## WHAT NEEDS TO BE DONE
Although the data below contains pictures, please reproduce only its words, exactly.

** Opening DATA block **

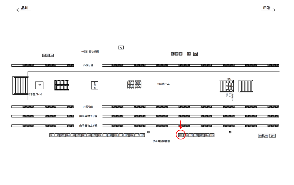 ホーム上(階段正面 JR山手線ホーム 東口側改札)
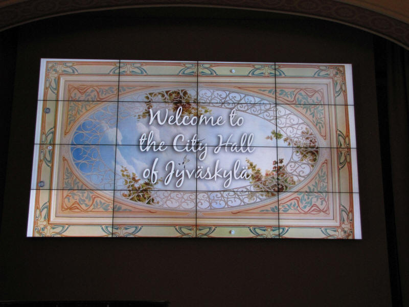 Csoportkép Debrecen finnországi testvérvárosának városházában.
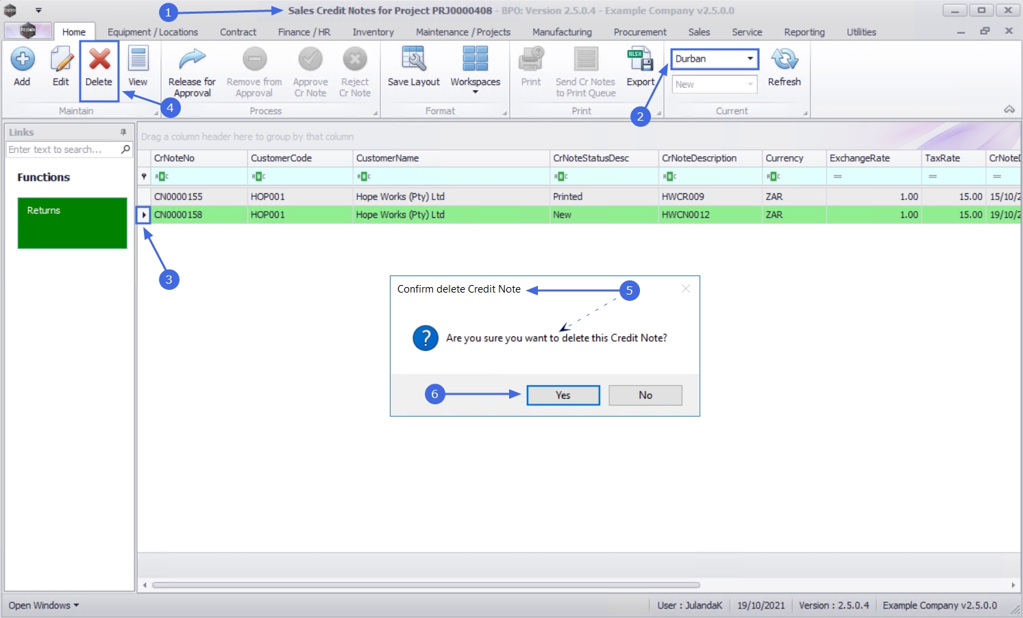 - When you receive the Confirm delete Credit Note message;

** Closing DATA block **

## RESPONSE TO THIS TASK
 ホーム上(階段正面 JR山手線ホーム 東口側改札)
 Csoportkép Debrecen finnországi testvérvárosának városházában.
 - When you receive the Confirm delete Credit Note message;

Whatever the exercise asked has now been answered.